» **Data under study**
-- -- --

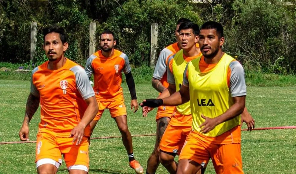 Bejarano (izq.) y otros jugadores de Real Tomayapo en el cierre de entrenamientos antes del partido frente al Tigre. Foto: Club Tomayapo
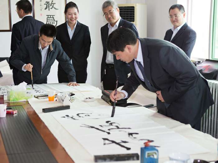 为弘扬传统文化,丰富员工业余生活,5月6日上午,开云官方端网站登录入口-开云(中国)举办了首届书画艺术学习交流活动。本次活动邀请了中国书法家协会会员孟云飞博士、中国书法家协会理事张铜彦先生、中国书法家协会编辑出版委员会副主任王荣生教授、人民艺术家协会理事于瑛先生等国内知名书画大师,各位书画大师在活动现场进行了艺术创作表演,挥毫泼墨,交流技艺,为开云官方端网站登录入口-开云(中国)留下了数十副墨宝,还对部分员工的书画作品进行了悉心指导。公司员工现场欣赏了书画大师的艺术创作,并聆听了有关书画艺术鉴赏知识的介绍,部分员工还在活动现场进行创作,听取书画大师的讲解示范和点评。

-- -- --

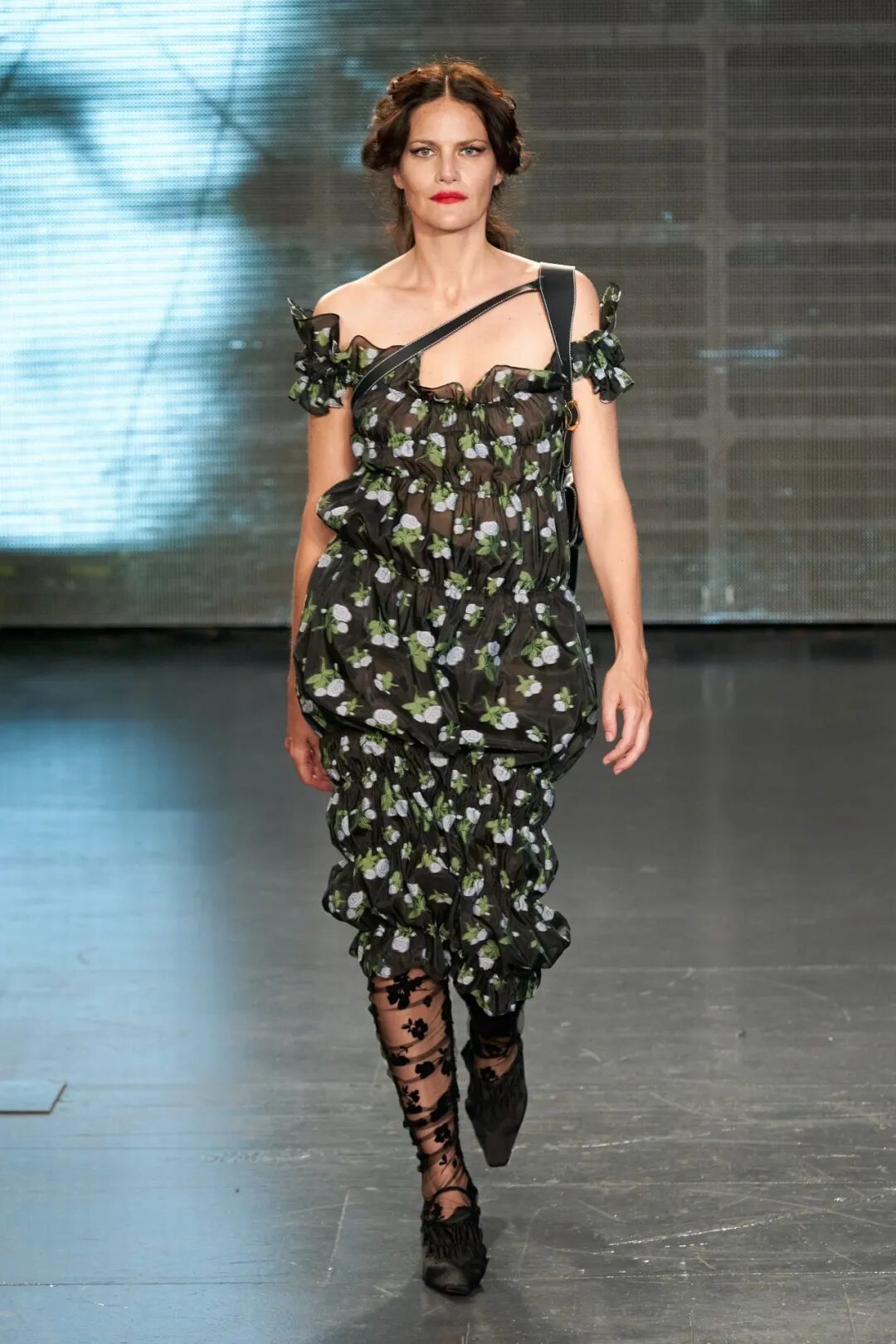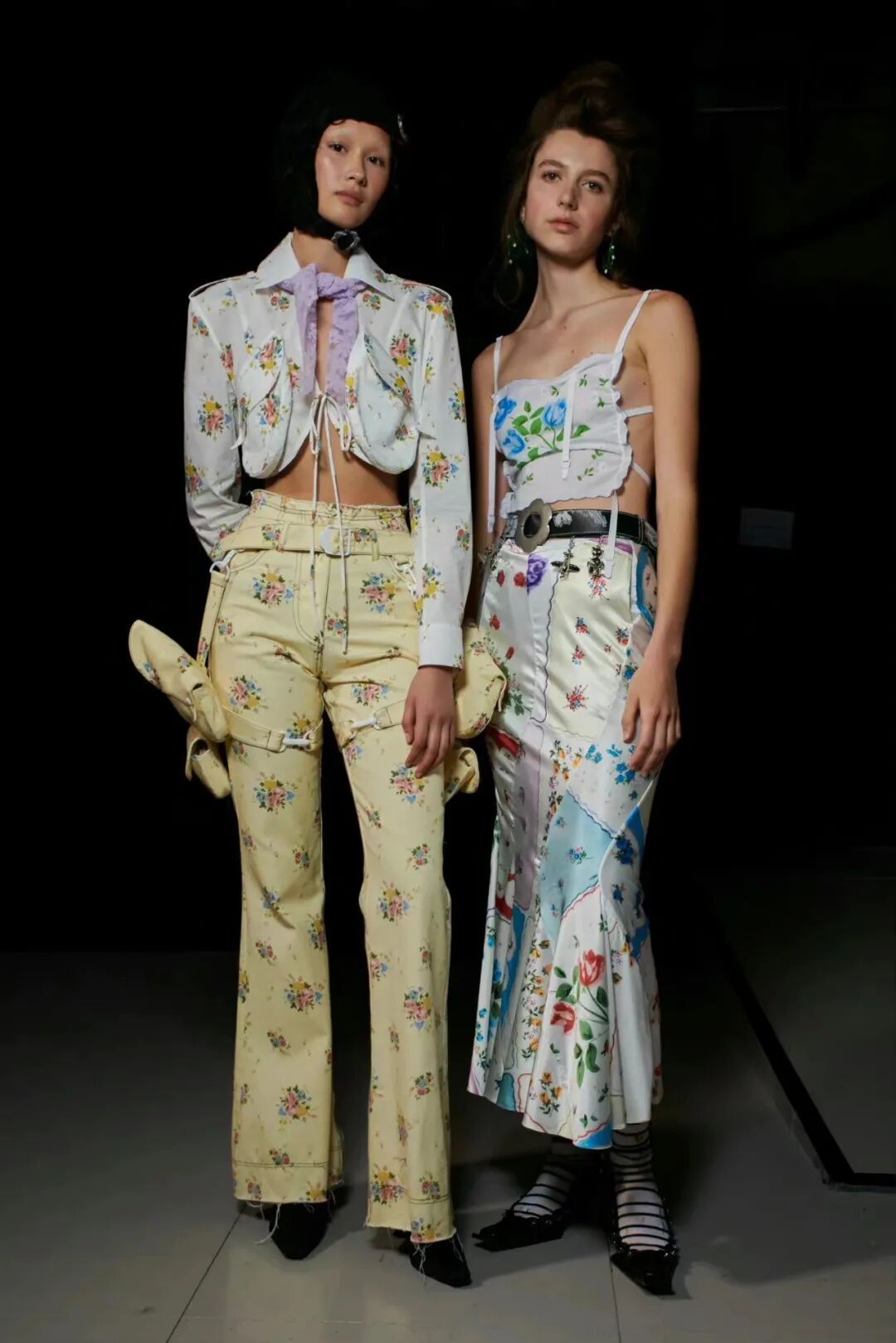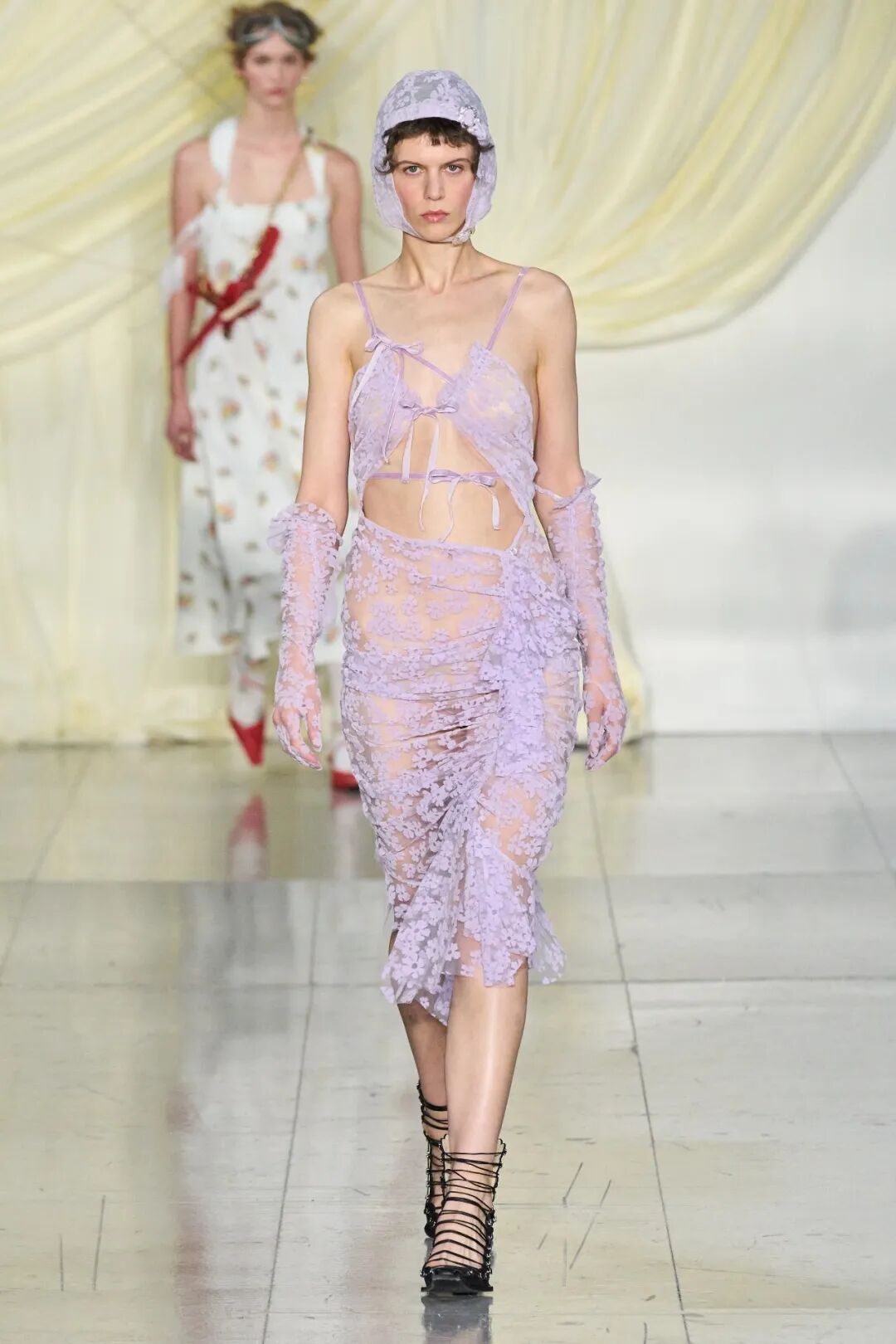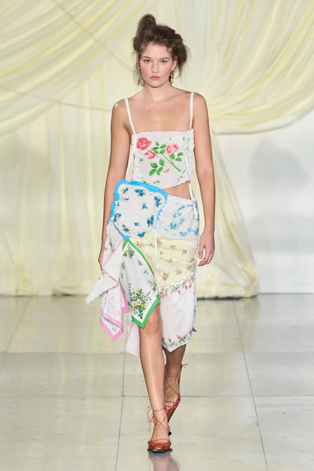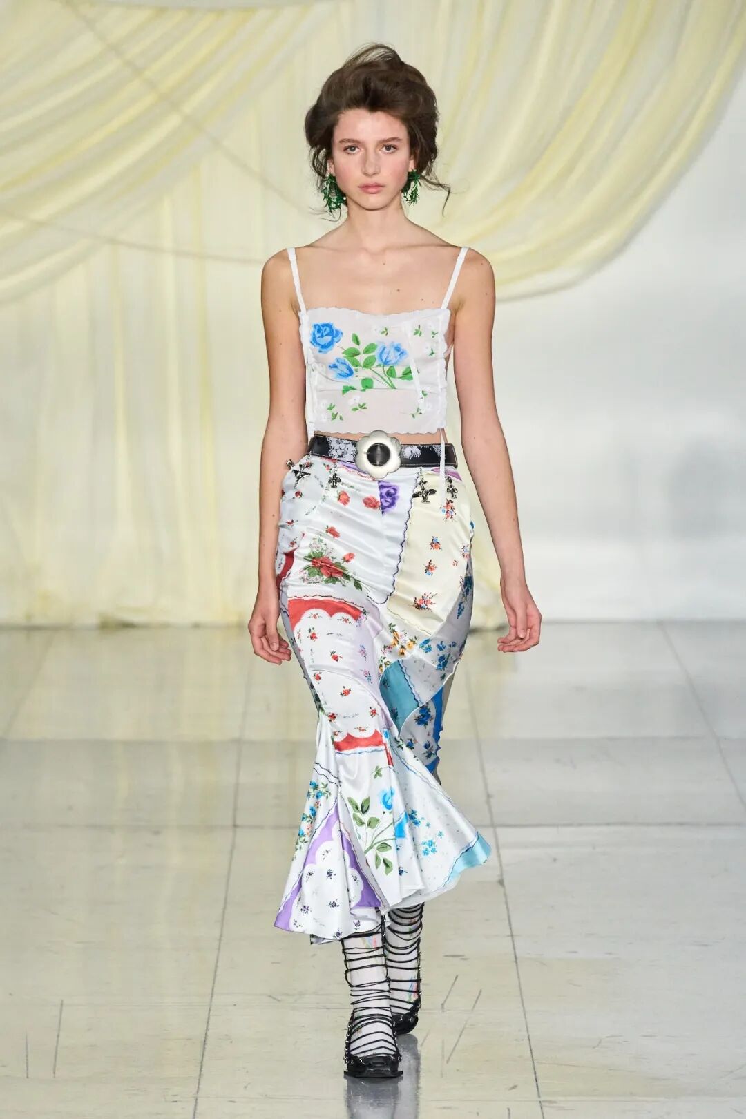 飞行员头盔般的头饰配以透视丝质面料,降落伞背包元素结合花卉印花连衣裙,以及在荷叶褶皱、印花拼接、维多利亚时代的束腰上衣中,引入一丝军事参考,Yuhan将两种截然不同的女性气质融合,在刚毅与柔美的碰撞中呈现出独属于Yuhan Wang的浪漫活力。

-- -- --

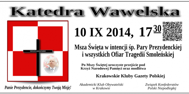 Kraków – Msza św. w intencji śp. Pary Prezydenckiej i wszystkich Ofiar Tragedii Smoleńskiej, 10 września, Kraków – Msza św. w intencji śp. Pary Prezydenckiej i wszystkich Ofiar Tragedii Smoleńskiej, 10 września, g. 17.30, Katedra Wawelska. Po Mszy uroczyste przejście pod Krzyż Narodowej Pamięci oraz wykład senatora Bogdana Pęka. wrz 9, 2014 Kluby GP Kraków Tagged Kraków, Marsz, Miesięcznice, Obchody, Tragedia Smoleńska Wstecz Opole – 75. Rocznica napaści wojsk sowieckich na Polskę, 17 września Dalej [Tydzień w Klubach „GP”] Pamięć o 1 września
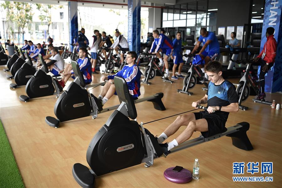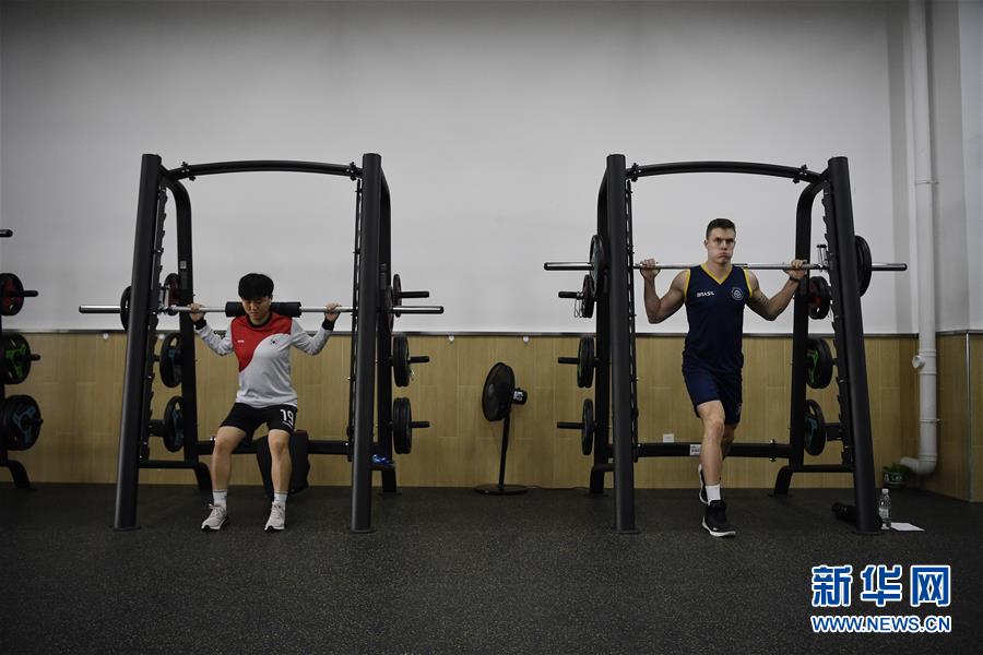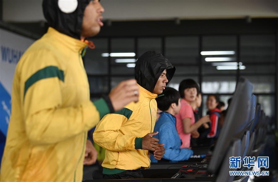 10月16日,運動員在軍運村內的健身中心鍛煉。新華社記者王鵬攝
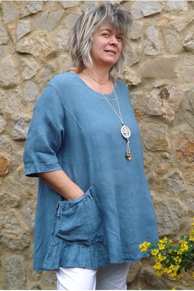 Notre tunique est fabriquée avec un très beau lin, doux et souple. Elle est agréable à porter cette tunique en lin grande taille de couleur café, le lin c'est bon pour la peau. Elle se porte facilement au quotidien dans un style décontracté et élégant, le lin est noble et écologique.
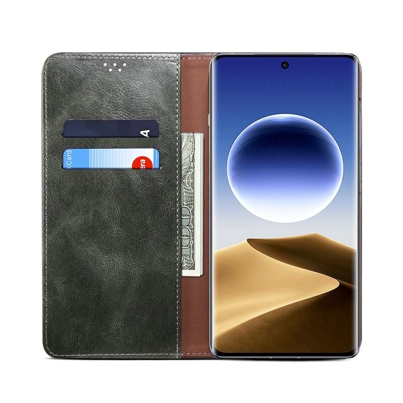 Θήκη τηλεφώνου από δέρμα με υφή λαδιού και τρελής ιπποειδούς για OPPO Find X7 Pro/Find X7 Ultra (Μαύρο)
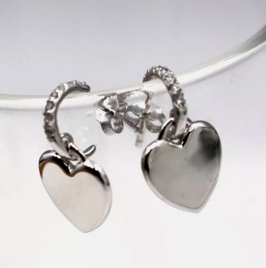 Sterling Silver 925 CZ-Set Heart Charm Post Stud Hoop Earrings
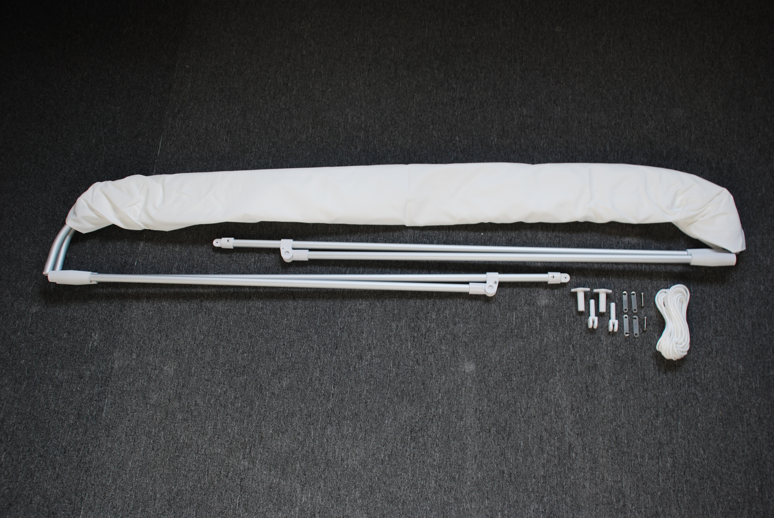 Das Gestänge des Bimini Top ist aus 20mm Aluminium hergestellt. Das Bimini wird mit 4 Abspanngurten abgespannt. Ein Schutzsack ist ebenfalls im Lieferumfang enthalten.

-- -- --

» **How to complete this task**
In the listing above, find the line with "o 1 września" and the line with "Das Gestänge des". Copy exactly those two and every line between, without the pictures.

» **Response box**
 Kraków – Msza św. w intencji śp. Pary Prezydenckiej i wszystkich Ofiar Tragedii Smoleńskiej, 10 września, Kraków – Msza św. w intencji śp. Pary Prezydenckiej i wszystkich Ofiar Tragedii Smoleńskiej, 10 września, g. 17.30, Katedra Wawelska. Po Mszy uroczyste przejście pod Krzyż Narodowej Pamięci oraz wykład senatora Bogdana Pęka. wrz 9, 2014 Kluby GP Kraków Tagged Kraków, Marsz, Miesięcznice, Obchody, Tragedia Smoleńska Wstecz Opole – 75. Rocznica napaści wojsk sowieckich na Polskę, 17 września Dalej [Tydzień w Klubach „GP”] Pamięć o 1 września
 10月16日,運動員在軍運村內的健身中心鍛煉。新華社記者王鵬攝
 Notre tunique est fabriquée avec un très beau lin, doux et souple. Elle est agréable à porter cette tunique en lin grande taille de couleur café, le lin c'est bon pour la peau. Elle se porte facilement au quotidien dans un style décontracté et élégant, le lin est noble et écologique.
 Θήκη τηλεφώνου από δέρμα με υφή λαδιού και τρελής ιπποειδούς για OPPO Find X7 Pro/Find X7 Ultra (Μαύρο)
 Sterling Silver 925 CZ-Set Heart Charm Post Stud Hoop Earrings
 Das Gestänge des Bimini Top ist aus 20mm Aluminium hergestellt. Das Bimini wird mit 4 Abspanngurten abgespannt. Ein Schutzsack ist ebenfalls im Lieferumfang enthalten.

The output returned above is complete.